Яэль расцеловала ее и подтолкнула к ней Гадди, которого мама обняла, наклонившись. Мне показалось, что она при этом расчувствовалась по-настоящему.

– Гадди… дорогой мой Гадди… знаешь ли ты, кто я? Ты меня помнишь? А где твоя маленькая сестренка… – Она порылась в своих карманах, вытащила обрывок бумаги и прочитала: – «Ракефет»?

Собака оставляет в покое отца и спешит внести свою лепту в эти объятия – прыгает вокруг мамы, все еще обнимающей Гадди, прыгает, лает и вертит хвостом. Гадди взглядом зовет на помощь Яэль – он все еще не отошел от прошлого испуга перед огромным псом, лицо его все в следах яркой помады, оставленных поцелуями мамы.

– Не бойся, не бойся, – говорит мама, – он не должен тебя пугать… это наша собака… когда ты был совсем маленьким, твоя мама оставляла тебя у нас. Вы так хорошо играли вдвоем…

Гадди недоверчиво поглядывал на огромную зверюгу, удивляясь услышанному.

Затем подошла моя очередь обнимать ее, вдыхать запах, исходивший от нарумяненных щек, – я сделал это, наклонившись и закрыв глаза.

– Аси… наконец-то ты посетил меня… это что, в честь появления отца?

Она с силой обняла меня.

– А где твоя жена?

– Она не смогла выбраться. Но будет у тебя здесь на праздники.

– Во время Пасхи?

– Да.

В это время отец приблизился наконец к ней, пес тащился следом. Отец по русскому обычаю широко раскинул руки. От всей картины отдавало пафосом.

– Мать… наконец-то…

Понимал ли он, что делает? Задумано ли все это во время долгого путешествия, или его подвиг на это шок от реальности происходящего? Съежившись от страха, я стоял не двигаясь и смотрел не веря своим глазам, как он обнимает ее, крепко прижимая к груди, покрывая поцелуями ее лицо. «Прекрасно… замечательно выглядишь… – бормотал он… – Изменилась… да, изменилась к лучшему…» Он продолжал мямлить и бормотать все в таком же духе, как если бы прибыл после долгой разлуки воссоединиться с ней, а не для развода. Он даже шепнул ей на ухо нечто… после чего рассмеялся со слезами на глазах. Был ли он настолько пустозвоном, или это была глубоко продуманная стратегия?
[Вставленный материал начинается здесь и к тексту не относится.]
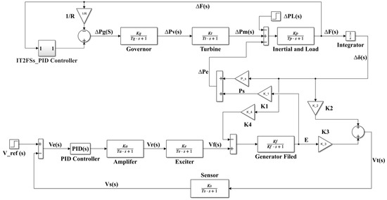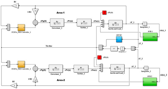 A major obstacle for electrical power system engineers is the parallel regulation of voltage and frequency levels. Any change in these parameters significantly reduces the productivity and efficiency of devices connected to a power supply. The objective of regulating devices used in large and intricate power systems is to regulate small load disruptions and sustain the system’s frequency and terminal voltage within acceptable thresholds. The generating units contain a loop to control the load frequency and reduce the gap between the load and the generated power. The automatic voltage regulator (AVR) system located in the generating units controls the reactive power, thereby regulating the voltage in the power system [1]. Nearly all industrial processes continue to use traditional PID controllers because of their easy control design, cost-effectiveness, and efficacy when used in linear systems [2]. It is essential to tune the PID controller gains with special care to enhance performance. Therefore, choosing the incorrect gains leads to system instability [3]. Computational intelligence is now being extensively used in the field of optimization issues [4,5,6]. Type-2 Fuzzy Set (T2FS) from computational intelligence is a wider and more comprehensive version of Type-1 Fuzzy Set (T1FS), proposed via Zadeh in [7]. Compared to the mathematics of T1F logic control, the computation of T2F logic control presents a significant challenge. The work in [8] introduced a distinct variant of T2FS known as Interval Type-2 Fuzzy Sets (IT2FSs). IT2FSs outputs are characterized by uncertainty within a time period. The IT2F logic controller has been effectively used for the building of controllers [9,10,11,12,13,14,15]. Moreover, implementing a Flexible Alternating Current Transmission System (FACTS) for coupled power systems is a very efficient method of enhancing the system’s stability [16]. FACTS controllers, such as the Interline Power Flow Controller (IPFC), Thyristor Controlled Phase Shifter (TCPS), Static Synchronous Series (SSSC), and Thyristor Controlled Series Capacitor (TCSC), are operated in the tie line of coupled power systems to minimize frequency and power deviations because of their rapid dynamic responses [17,18,19]. The TCSC is a type of FACTS controller that provides strong, effective performance at a reasonable cost and a robust and practical foundation. A novel approach to dynamic modeling and employing the TCSC for Automatic Generation Control (AGC) has been recently introduced [18]. Previous studies have suggested traditional controllers such as PID cascaded and PID controllers, as well as PI controllers. However, other work has suggested new controllers that utilize computational intelligence methods, such as Fuzzy Logic Systems (FLSs), as well as neural systems that fully substitute for traditional controller methods. Additionally, some studies have suggested hybrid controllers that combine traditional controllers with new controller methods, such as Fuzzy PID (FPID) and Fuzzy PI (FPI) controllers, as well as a Gain Scheduled controller [20]. In [21,22], a Fuzzy-Integral (I) controller is used to improve the stability of LFC for dual-area power systems. The works [2,23] focused on using IT2FL. Reference [23] presents a novel approach called IT2FL-based Dual Mode Gain Scheduling (DMGS) for the PI controller. This proposed method involves scheduling the PI controller using a variable selector. Reference [2] presents the development and implementation of an IT2FPID controller, the IT2FPID comprising FSPI with FSPD controllers. The work in [24] also provided research on a Load Frequency Control (LFC) technique that utilizes the T2FLPID controller on dual isolated power systems. The study in [25] focuses on hybrid power systems, specifically optimizing the gains of PI-PD controller parameters using the Particle Swarm Optimization-Gravitational Search Algorithm (PSO-GSA) approach. An Ant Colony Optimization (ACO)-based classical PID controller is developed in [26], and it uses various objective functions to evaluate the performance of a standalone nuclear station. References [27,28] applied a Fractional Order (FO) PID controller to the power system to achieve high performance. In [27], Gases Brownian motion optimization is used, whereas the work in [28] used Big Bang Big Crunch optimization to tune the controller parameters. The studies in [29,30,31] concentrate on the conventional T1FS self-adapting method for PID control. Numerous flexible AC transmission systems are utilized in conjunction with a tie line to regulate power flow and mitigate inter-area oscillations by implementing a supplementary controller [19]. The study in [32] compares the dynamic performance of TCPS and the Capacitive Energy Storage (CES) of AGC for hydrothermal generating connected with hydro diesel generating. The comparison is done using modern techniques in [32]. The study in [33] examines the coordinated design of TCPS and Superconducting Magnetic Energy Storage (SMES) for an uncontrolled thermal power plant. The study considers the Generation Rate Constraint (GRC) in hydro and non-reheat thermal units [33]. The work in [34] involves installing the TCSC in series with the tie line for a dual-area thermal plant, using a GRC and time delay factors, ideally positioned in both areas, where SMES units collaborate with the TCSC to optimize the areas’ overall dynamic efficiency. The work in [35] employs FACTS devices, including SSSC, TCSC, TCPS, and IPFC, and is compared in the existence of the Two Degree of Freedom Integral plus Double Derivative (2DOF-IDD) controller for the AGC of a multi-area thermal system.

Мама, словно скованная морозом, замерла в его объятиях, устремив невидящий взгляд куда-то в пространство, со странным подобием улыбки на губах.

Горацио издал гулкий рык. Наконец-то он смог полностью выразить свои чувства, подумал я. А отец тем временем отодвинулся от мамы, которая тут же представила его своей медсестре, наблюдавшей за всем происходящим без малейшего следа улыбки. «Позволь познакомить тебя с Мириам… она добрый мой ангел… Мириам, это мой муж… тот самый… из Америки…»

– Да, я поняла. Мы все ждали вас. – Морщины у нее на лице покраснели от прилива крови в момент, когда отец повернулся к ней и обнял в той же странной, какой-то сомнамбулической манере.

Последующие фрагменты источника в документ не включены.